THE PROBLEM —
Drop all images and give the records again exactly.

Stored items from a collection
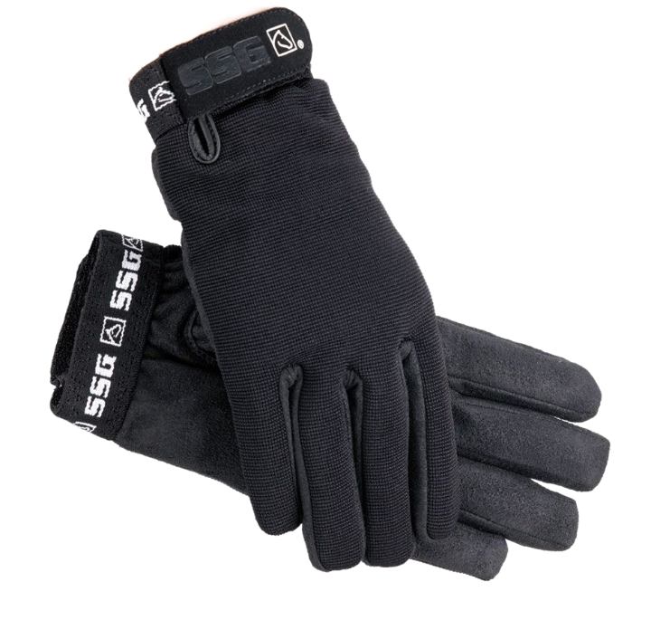 SSG All-Weather Lined Gloves are excellent for winter exercising or arena riding. Unlined Aquasuede palm is soft, colorfast, sweat absorbing, and breathable. Thinsulate lining on back of hand and thumb provides 1 1/2 times the warmth of down, and about twice the warmth of other high loft insulation materials. Hook and loop wrist closure. Excellent grip any weather condition. Product Features:
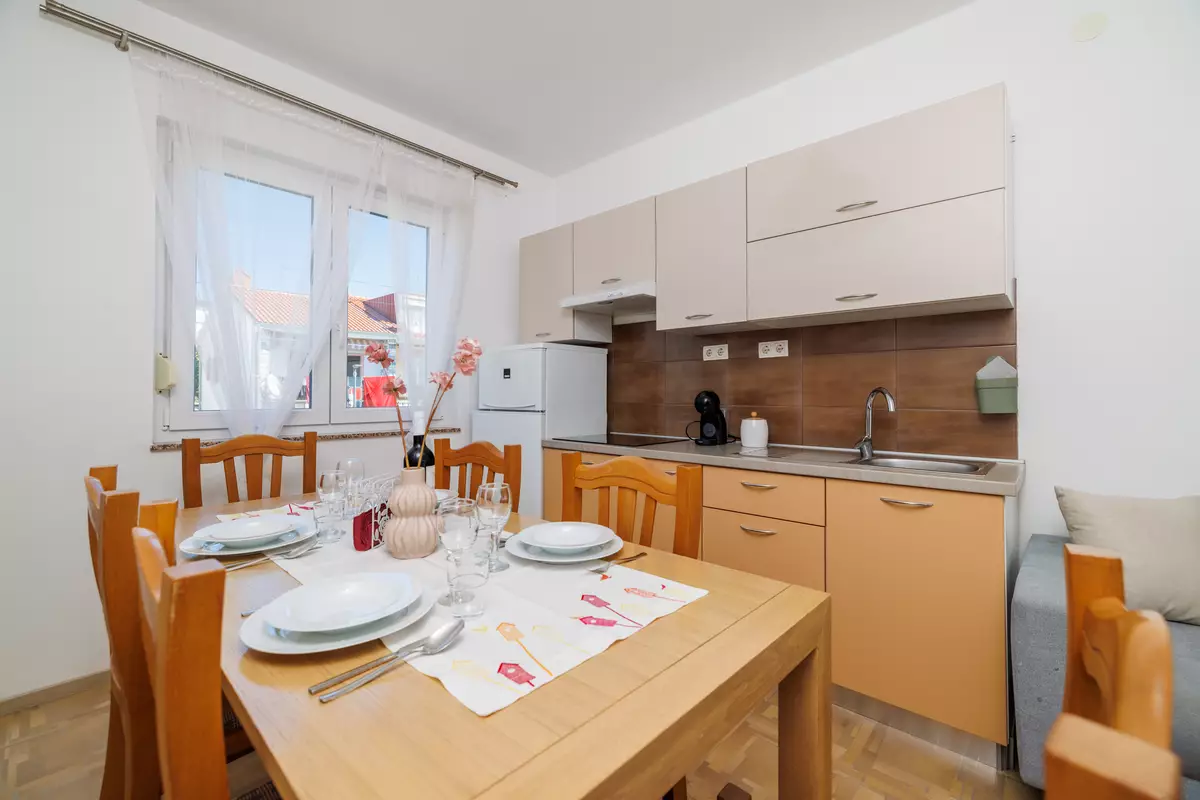 Roštilj, parking u sklopu objekta, bazen, veličina bazena: 24 m², vanjski tuš, kućni ljubimci nisu dozvoljeni, klima uređaj uključen u cijenu, vlasnik živi u istoj kući, posteljina na raspolaganju, ručnici na raspolaganju, sušilo za kosu, perilica rublja u apartmanu, internet putem W-LAN-a
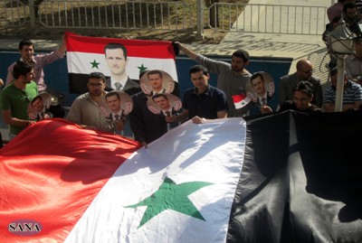 The demonstrators hoisted the Syrian Flag, President Al-Assad’s pictures, and raised pro-Syria banners. On some placards was written: ” hands off Syria”, ” Leave the democracy of rockets and bombs to yourselves”, and ”We all are with you Bashar in the frontlines confronting international terrorism”.
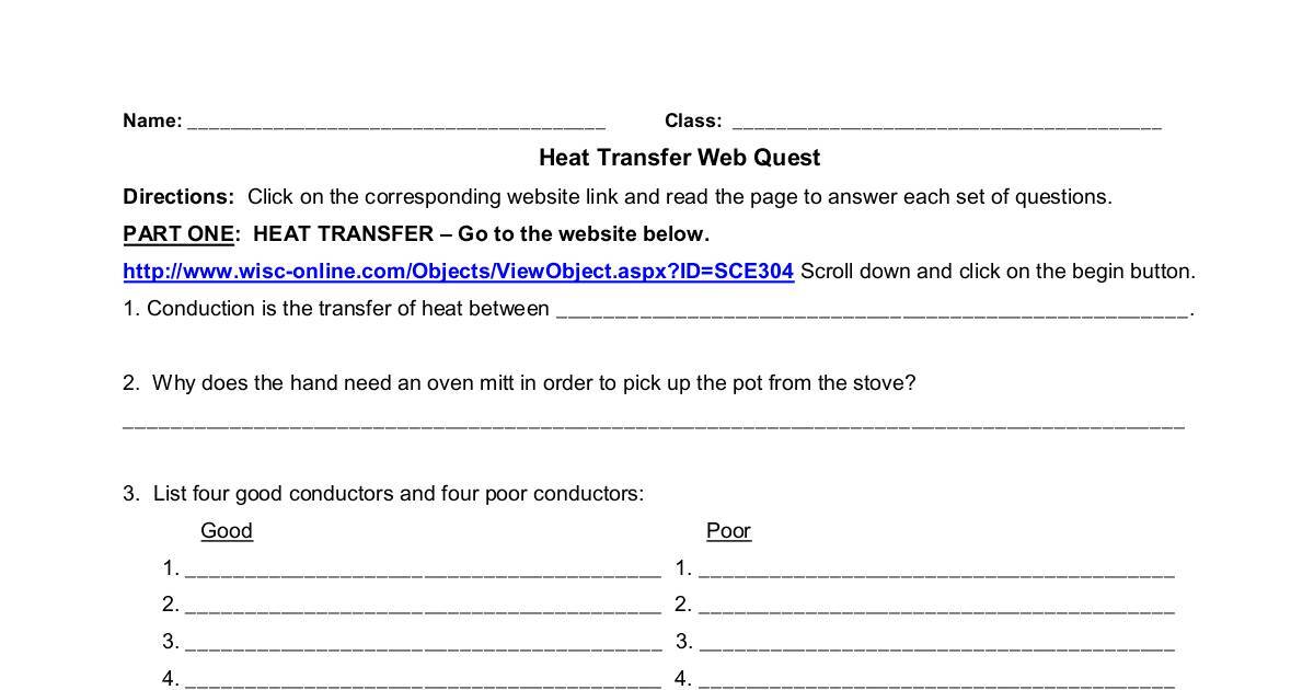Heat Transfer Heat Transfer Webquest
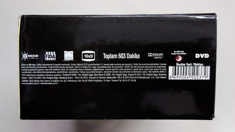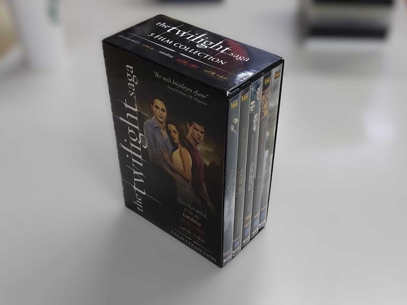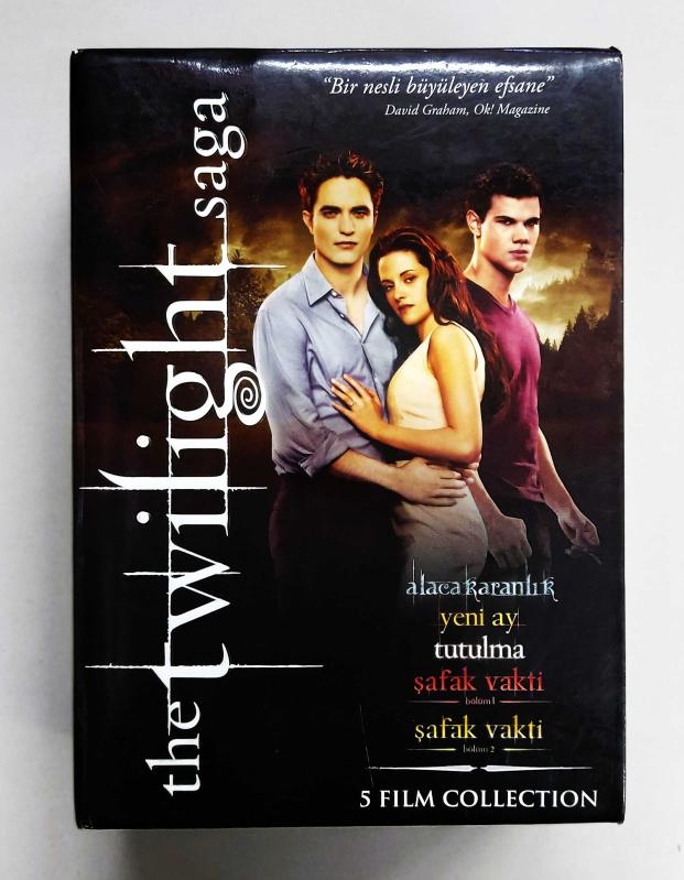 2013 yılında koleksiyonerler için özel olarak basılmış, Twilight ( Alacakaranlık ) serisinin tüm filmlerini içeren özel DVD box set. 13 yıl önce üretilmesine rağmen diskler sıfır ayarında, çiziksizdir. Hepsi test edilmiştir, sorunsuz çalışmaktadır. Son derece nadir bir settir. Tüm filmlerde Türkçe dublaj ve Türkçe altyazı mevcuttur. Kutunun altındada yazdığı üzere ; tüm filmlerin toplam ekran süresi 603 dakika yani yaklaşık 10 saattir. Ana filmlere ek olarak diskler içerisinde uzatılmış sahneler, röportajlar ve kamera arkası gibi ekran süresini tatmin edici derecede uzatan daha bir çok özel seçenek mevcuttur. Serinin hayranları için bulunması son derece zor, nadir ve koleksiyonluk bir settir.
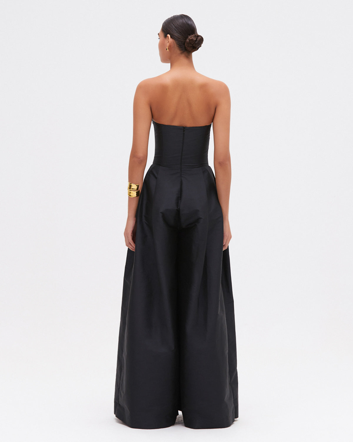 O macacão Tafeta Bloom sem alças, é confeccionado em tafetá estruturado, com decote arredondado em coração e aplicação de uma flor branca marcante no busto. As calças de pernas largas criam movimento dramático e alongam a silhueta, enquanto detalhes sob medida, como bolsos laterais e zíper invisível, conferem acabamento refinado. Uma peça que combina presença, elegância e feminilidade em cada detalhe.

WRITTEN RESPONSE —
 SSG All-Weather Lined Gloves are excellent for winter exercising or arena riding. Unlined Aquasuede palm is soft, colorfast, sweat absorbing, and breathable. Thinsulate lining on back of hand and thumb provides 1 1/2 times the warmth of down, and about twice the warmth of other high loft insulation materials. Hook and loop wrist closure. Excellent grip any weather condition. Product Features:
 Roštilj, parking u sklopu objekta, bazen, veličina bazena: 24 m², vanjski tuš, kućni ljubimci nisu dozvoljeni, klima uređaj uključen u cijenu, vlasnik živi u istoj kući, posteljina na raspolaganju, ručnici na raspolaganju, sušilo za kosu, perilica rublja u apartmanu, internet putem W-LAN-a
 The demonstrators hoisted the Syrian Flag, President Al-Assad’s pictures, and raised pro-Syria banners. On some placards was written: ” hands off Syria”, ” Leave the democracy of rockets and bombs to yourselves”, and ”We all are with you Bashar in the frontlines confronting international terrorism”.
Heat Transfer Heat Transfer Webquest
 2013 yılında koleksiyonerler için özel olarak basılmış, Twilight ( Alacakaranlık ) serisinin tüm filmlerini içeren özel DVD box set. 13 yıl önce üretilmesine rağmen diskler sıfır ayarında, çiziksizdir. Hepsi test edilmiştir, sorunsuz çalışmaktadır. Son derece nadir bir settir. Tüm filmlerde Türkçe dublaj ve Türkçe altyazı mevcuttur. Kutunun altındada yazdığı üzere ; tüm filmlerin toplam ekran süresi 603 dakika yani yaklaşık 10 saattir. Ana filmlere ek olarak diskler içerisinde uzatılmış sahneler, röportajlar ve kamera arkası gibi ekran süresini tatmin edici derecede uzatan daha bir çok özel seçenek mevcuttur. Serinin hayranları için bulunması son derece zor, nadir ve koleksiyonluk bir settir.
 O macacão Tafeta Bloom sem alças, é confeccionado em tafetá estruturado, com decote arredondado em coração e aplicação de uma flor branca marcante no busto. As calças de pernas largas criam movimento dramático e alongam a silhueta, enquanto detalhes sob medida, como bolsos laterais e zíper invisível, conferem acabamento refinado. Uma peça que combina presença, elegância e feminilidade em cada detalhe.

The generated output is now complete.